Two teenage girls executed by Somali militants

(CNN) -- A Somali militant group publicly executed two teenage girls Wednesday after accusing them of being spies for the Somali government, according to the group, eyewitnesses and a relative of one of the girls.

"Those two girls were evil and they were spies for the enemy (the Somali government), but the mujahedeen caught them and after investigation, they admitted their crime, so they have been executed," said Sheikh Yusuf Ali Ugas, commander of Al-Shabaab in Beledweyne, a town in central Somalia.

The teens were blindfolded with their hands behind their backs against a tree, and shot, according to a local journalist.

A resident of Beledweyne told CNN that Al-Shabaab called on the town's residents to come out and watch the execution.

"Hundreds of people came out to watch the execution," he said. "It was very bad ... the girls looked shocked and were crying but [no one] could help."

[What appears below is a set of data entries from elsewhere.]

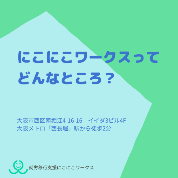 大阪市西区の就労移行支援事業所にこにこワークスでは、精神疾患や発達障害など、障がいや難病により単独で就職する事が困難で就職に支援が必要な方を対象に障害福祉サービスの提供を行……
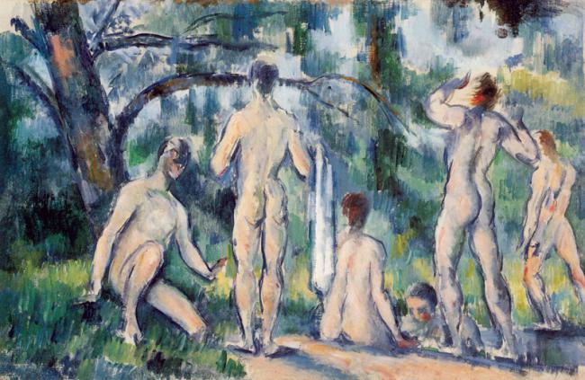 В середине 1890-х годов Сезанн задумал создать монументальное полотно с обнаженными в пейзаже – некий синтезированнный образ вселенной. В серии этюдов, к которым относится и московская работа, художник пытался достичь гармонии в изображении обнаженных фигур и пейзажа: тела, деревья, очертания гор вдали составляют единый прочный каркас – опору мироздания. Торсы купальщиков вытянуты и очерчены гибкими прерывистыми линиями, позволяющими фигурам раствориться в окружающем пейзаже. Вместе с тем в этом полотне уже намечены «архитектурные» структурирующие функции природных мотивов, окончательно нашедшие воплощение в знаменитых «Больших купальщиках» (1905–1906) из коллекции Барнса в Мерионе (США).
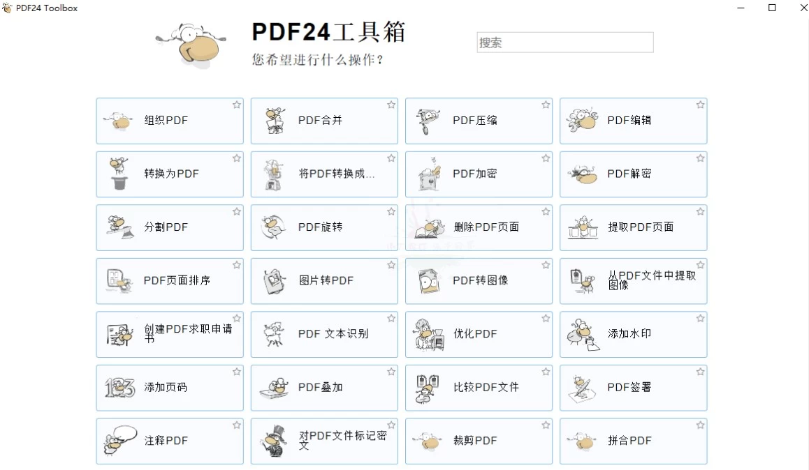 你可将要转成pdf格式的文件打印时选虚拟打印机PDF24,也可以直接将文件以拖拉方式拉进这软件的主视窗编辑区里,

A relative of one of the teens denied they were spies.

"My cousin, Ayan Mohamed Jama, was just 16 years old and she was absolutely innocent," said the relative, who did not want their name used out of fear of retribution from Al-Shabaab. "And Al-Shabaab caught her and the other girl between El-gal and Beledweyne and simply accused them of what they were not."

The other girl, said the relative, was 15. Al-Shabaab refused their families' request to see the teens while they were in detention, "and they executed them at a public gathering, so this is inhumane and cruelty."

The El-gal area has been the scene of heavy fighting recently between Somali government forces and Al-Shabaab.

"Ayan didn't have any contact with the government and even in her life, she never had a mobile [phone] so we can't understand how she could be accused of being a spy," the relative said.

Last year, Al-Shabaab stoned a teenage girl to death in Kismayo, a town in southern Somalia.

Al-Shabaab is waging a war against Somalia's government in an effort to impose a stricter form of Islamic law, or sharia.

Somalia has not had a stable government since 1991, and fighting between the rebels and government troops has escalated the humanitarian crisis in the famine-ravaged country.